CLINTON RETURNS TO THANK HOSPITAL STAFF


VALHALLA – President Clinton, slim and smiling, returned yesterday to thank doctors and staff at the hospital where he learned in September that he needed quadruple bypass surgery.


“I was really delighted to walk in here instead of coming in a wheelchair, and I’m even more delighted to be able to walk out,” Mr.Clinton said as he helped open a new cardiac catheterization center at the Westchester Medical Center.
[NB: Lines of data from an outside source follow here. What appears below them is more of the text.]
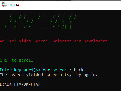 With the caret on the first option (correct search result), press Enter. After a few seconds I get the message : “The search yielded no results; try again.” and the UK-FTA closes: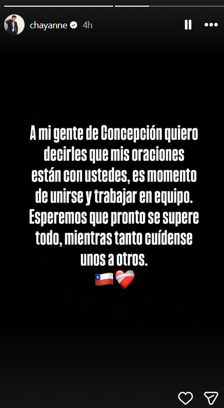 “A mi gente de Concepción quiero decirles que mis oraciones están con ustedes, es momento de unirse y trabajar en equipo”, expresó el cantante.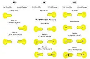 From 1795 rank badges could also be shown on epaulettes. The system changed several times, but after 1864 was as follows: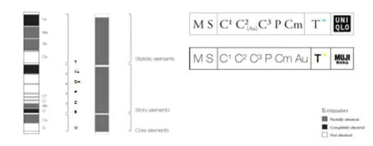 優(yōu)衣庫(UNIQLO)把服裝詮釋為生活風(fēng)格(Lifestyle)的一種組件,承諾持續(xù)提供時髦的、高品質(zhì)的、基本的休閑服裝,并在市場上以最低價格配置。其風(fēng)格元素的配置是:純色、基礎(chǔ)與功能化的形態(tài)、以綿和毛等自然纖維為原料、所用設(shè)計語言是簡單直接和中性、調(diào)性是靚麗干凈和輕盈。而無印良品(MUJI)的風(fēng)格元素配置則完全不同,因為其品牌基因不同。圖2為優(yōu)衣庫與無印良品的品牌解碼。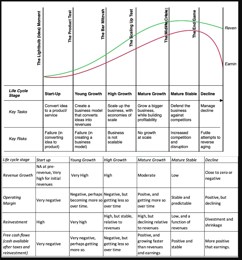 As I reveal my ignorance about TikTok trends, social media celebrities and Gen Z slang, my children are quick to point out my age, and I accept that reality, for the most part. I understand that I am too old to exercise without stretching first or eat a heaping plate of cheese fries and not suffer heartburn, but that does not stop me from trying occasionally. For the last decade or so, I have argued that businesses, like human beings, age, and struggle with aging, and that much of the dysfunction we observe in their decision-making stems from refusing to act their age. In fact, the business life cycle has become an integral part of the corporate finance, valuation and investing classes that I teach, and in many of the posts that I have written on this blog. In 2022, I decided that I had hit critical mass, in terms of corporate life cycle content, and that the material could be organized as a book. While the writing for the book was largely done by November 2022, publishing does have a long lead time, and the book, published by Penguin Random House, will be available on August 20, 2024, at a bookshop near you. If you are concerned that you are going to be hit with a sales pitch for that book, far from it! Rather than try to part you from your money, I thought I would give a compressed version of the book in this post, and for most of you, that will suffice.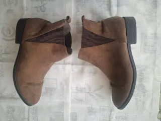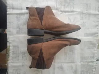 Botines de ante en color marrón. - Diseño de caña baja. - Punta fina. - Detalle elástico lateral. Precio original 99,95€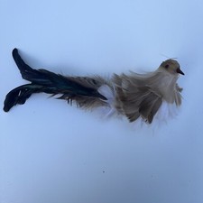 Add some vintage charm to your Christmas decor with this beautiful handmade feathered bird ornament. The bird features a brown color with a long tail and plastic feet/beak. It's perfect for any occasion, not just Christmas, and makes a great decoration for bird lovers or anyone who appreciates unique ornaments. The bird is made from real feathers and has plastic eyes, giving it a realistic look. It's a one-of-a-kind piece that will add character to your collection. Don't miss out on this original and collectible bird ornament.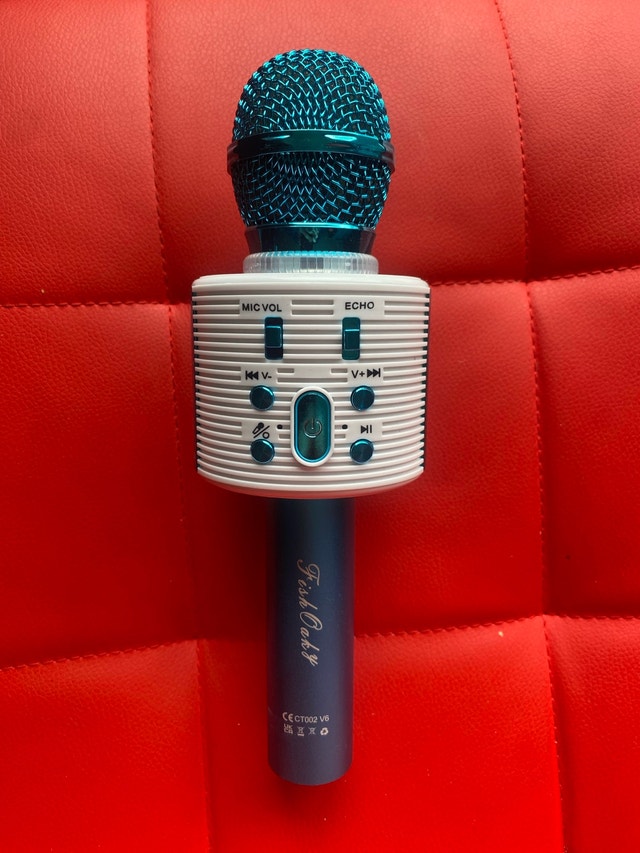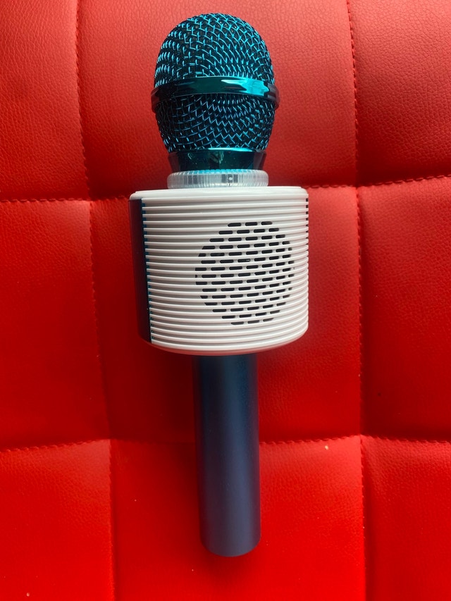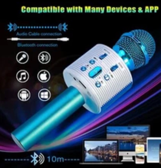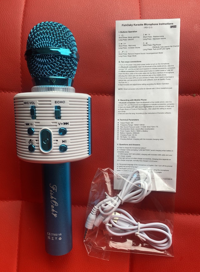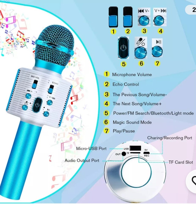 Portable karaoke microphone. Bluetooth and audio cable connection. Multiple functions: volume control, echo, song selection, recording. Includes USB charging cable. Great for singing and recording.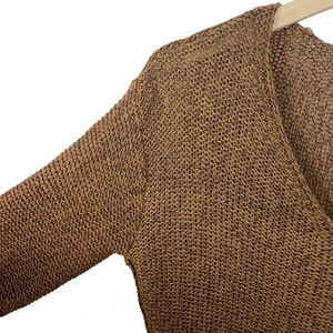 In excellent condition from RDI, a lightweight v-neck sweater with faux suede elbow patches. Marled brown with black flecks. Long dolman sleeves. Loose knit.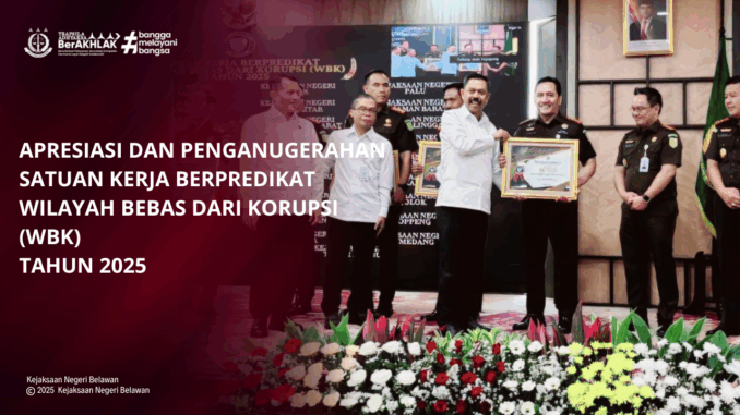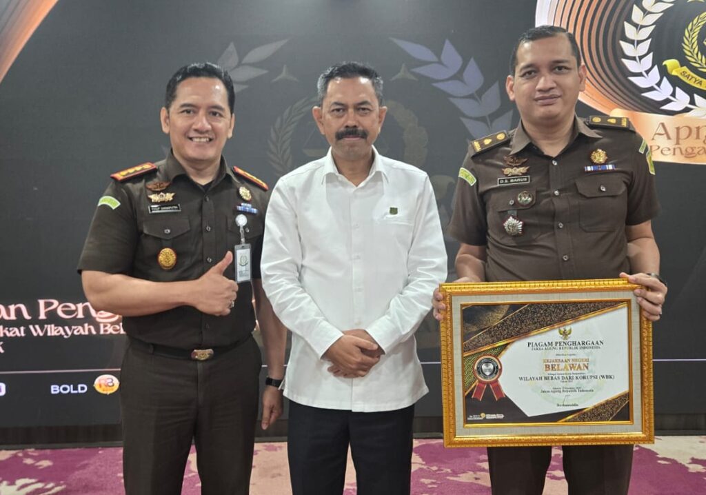 Rabu [17/12/2025], Kepala Kejaksaan Negeri Belawan Dr. Yusup Darmaputra, S.H., M.H., didampingi Kepala Seksi Intelijen Daniel Setiawan Barus, S.H., M.H., menghadiri langsung acara Apresiasi dan Penganugerahan Satuan Kerja Berpredikat Wilayah Bebas dari Korupsi (WBK) Kompetisi BerAKHLAK di Lingkungan Kejaksaan RI Tahun 2025.
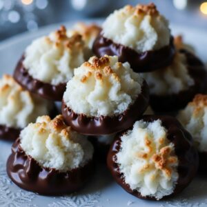 Chewy coconut macaroons dipped in dark chocolate make a tropical yet festive holiday treat.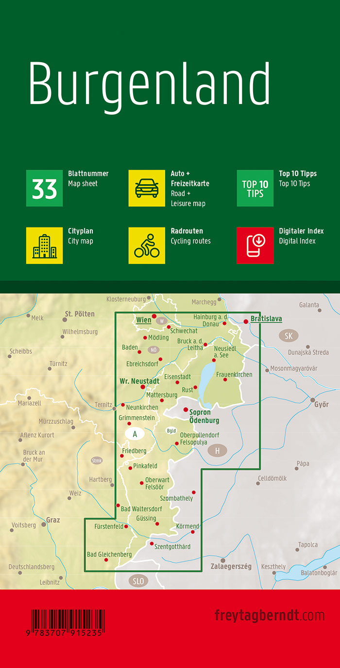 freytag & berndt Autokarten sind für viele Länder und Regionen weltweit erhältlich. Neben der übersichtlichen Gestaltung verfügen die Straßenkarten über zahlreiche Zusatzinformationen wie z.B. Straßenbeschaffenheit, Sehenswürdigkeiten, Campingplätze und diverse Innenstadtpläne. Mit dem umfangreichen Ortsregister gelingt zudem eine rasche Orientierung. Die "Top 10 Tips" - Reihe bietet ein kleines Beiheft, in dem die zehn wichtigsten Sehenswürdigkeiten in mehreren Sprachen kurz beschrieben sind. (Sprachen: Deutsch, Englisch, Französisch, Italienisch) Top 10 Tips Sehenswürdigkeiten, Top Citypläne von Eisenstadt, Güssing, Jennersdorf, Neusiedl am See, Oberpullendorf, Oberwart und Rust; Radrouten;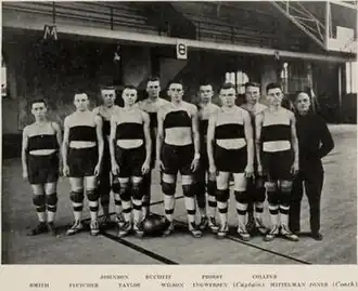 The 1918–19 season for the Illinois Fighting Illini men's basketball team, was the lowest point for head coach Ralph Jones during his tenure at the University of Illinois. Jones experienced his only losing season as a Big Ten coach, as a matter of fact, this was the only losing season he would have in career spanning nearly 35 years. Jones, who coached the Purdue Boilermakers men's basketball team for three seasons prior to coming to Illinois, had never lost more than 6 games during any conference campaign.[1] The record the Illini would possess at the conclusion of the 1918–19 season would overall be 6 wins, 8 losses with a 6 win 6 loss conference mark. The starting lineup included captain Burt Ingwersen, Benjamin Mittleman and Ralph Fletcher at the forward positions, K.L. Wilson at center, and W.K. Kopp and P.C. Taylor as guards.[2]

On September 3, Mr. Clinton went to the medical center, which is not far from his home in Chappaqua, for an angiogram after suffering chest pains and shortness of breath. The test revealed narrowing of several vessels of his heart, and he was transferred to New York Presbyterian Hospital/Columbia, where he underwent a quadruple bypass three days later.


– Associated Press


ALBANY


PATAKI HIRES NEW SPOKESMAN


David Catalfamo, a former top economic development official in the Pataki administration, took over yesterday as chief spokesman for Governor Pataki. Mr. Catalfamo, 40, becomes the fourth person to hold the director of communications post in the governor’s 10 years in office. Lisa Dewald Stoll, a former top Pataki campaign aide who held the communications post since January 2003, left the administration on Wednesday. She had no immediate plans for another job, saying she was going on vacation. Ms. Stoll had replaced Michael McKeon, who is now a public affairs consultant in the private sector. He had become Mr. Pataki’s chief spokesman in March 2000. Pataki’s first director of communications, Zenia Mucha, is the chief spokeswoman for the Walt Disney Company. – Associated Press


POLICE BLOTTER


COMMISSIONER PROMOTES 70 OFFICERS, NOTING DROP IN MURDERS


With a nod towards a citywide murder rate that has dropped to a 41-year low, Police Commissioner Raymond Kelly congratulated 70 newly promoted officers for helping “to make this year one of the most peaceful this city has ever known.”


The police department has recorded 544 homicides, the lowest tally since 1963, and a 4.6% drop in citywide crime so far this year. In addition, the city has the lowest crime rate out of the 25 largest cities reporting to the FBI, Mr. Kelly said.


“We’re boasting a little today, because your performance over the last year calls for a little boasting,” Mr. Kelly said at a promotion ceremony yesterday.